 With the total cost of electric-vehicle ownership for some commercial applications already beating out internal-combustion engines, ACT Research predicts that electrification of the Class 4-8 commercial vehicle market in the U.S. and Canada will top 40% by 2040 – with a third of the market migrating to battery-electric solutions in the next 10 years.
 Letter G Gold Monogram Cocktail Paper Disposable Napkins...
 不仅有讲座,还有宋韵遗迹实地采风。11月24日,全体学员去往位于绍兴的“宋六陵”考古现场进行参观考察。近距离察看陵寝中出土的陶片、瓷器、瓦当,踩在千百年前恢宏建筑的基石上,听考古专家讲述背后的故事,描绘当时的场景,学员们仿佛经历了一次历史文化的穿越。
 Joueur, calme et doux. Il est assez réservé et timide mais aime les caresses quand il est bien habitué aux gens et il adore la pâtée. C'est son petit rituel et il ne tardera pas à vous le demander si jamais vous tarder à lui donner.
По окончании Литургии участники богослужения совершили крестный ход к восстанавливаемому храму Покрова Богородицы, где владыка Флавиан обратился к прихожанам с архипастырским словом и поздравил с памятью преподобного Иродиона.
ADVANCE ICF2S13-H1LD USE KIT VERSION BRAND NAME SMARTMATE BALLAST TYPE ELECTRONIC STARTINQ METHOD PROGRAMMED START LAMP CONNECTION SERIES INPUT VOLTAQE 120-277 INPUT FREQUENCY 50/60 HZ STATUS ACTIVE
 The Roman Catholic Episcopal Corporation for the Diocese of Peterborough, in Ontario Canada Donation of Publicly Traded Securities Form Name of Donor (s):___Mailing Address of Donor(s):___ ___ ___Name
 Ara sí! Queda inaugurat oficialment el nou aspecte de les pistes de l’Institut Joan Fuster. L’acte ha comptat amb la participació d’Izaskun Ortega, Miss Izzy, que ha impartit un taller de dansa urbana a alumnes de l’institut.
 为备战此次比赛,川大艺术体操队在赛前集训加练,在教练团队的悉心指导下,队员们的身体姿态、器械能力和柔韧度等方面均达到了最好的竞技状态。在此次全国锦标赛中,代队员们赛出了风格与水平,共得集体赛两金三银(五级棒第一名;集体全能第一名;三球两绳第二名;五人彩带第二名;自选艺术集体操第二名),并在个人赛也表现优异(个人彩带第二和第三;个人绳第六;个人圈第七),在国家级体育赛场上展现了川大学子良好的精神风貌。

**TASK INSTRUCTIONS**
Beginning at the first line of the records, retype exactly every line up to and including the one with "ADVANCE ICF2S13-H1LD USE".

**EXERCISE RESULT**
 With the total cost of electric-vehicle ownership for some commercial applications already beating out internal-combustion engines, ACT Research predicts that electrification of the Class 4-8 commercial vehicle market in the U.S. and Canada will top 40% by 2040 – with a third of the market migrating to battery-electric solutions in the next 10 years.
 Letter G Gold Monogram Cocktail Paper Disposable Napkins...
 不仅有讲座,还有宋韵遗迹实地采风。11月24日,全体学员去往位于绍兴的“宋六陵”考古现场进行参观考察。近距离察看陵寝中出土的陶片、瓷器、瓦当,踩在千百年前恢宏建筑的基石上,听考古专家讲述背后的故事,描绘当时的场景,学员们仿佛经历了一次历史文化的穿越。
 Joueur, calme et doux. Il est assez réservé et timide mais aime les caresses quand il est bien habitué aux gens et il adore la pâtée. C'est son petit rituel et il ne tardera pas à vous le demander si jamais vous tarder à lui donner.
По окончании Литургии участники богослужения совершили крестный ход к восстанавливаемому храму Покрова Богородицы, где владыка Флавиан обратился к прихожанам с архипастырским словом и поздравил с памятью преподобного Иродиона.
ADVANCE ICF2S13-H1LD USE KIT VERSION BRAND NAME SMARTMATE BALLAST TYPE ELECTRONIC STARTINQ METHOD PROGRAMMED START LAMP CONNECTION SERIES INPUT VOLTAQE 120-277 INPUT FREQUENCY 50/60 HZ STATUS ACTIVE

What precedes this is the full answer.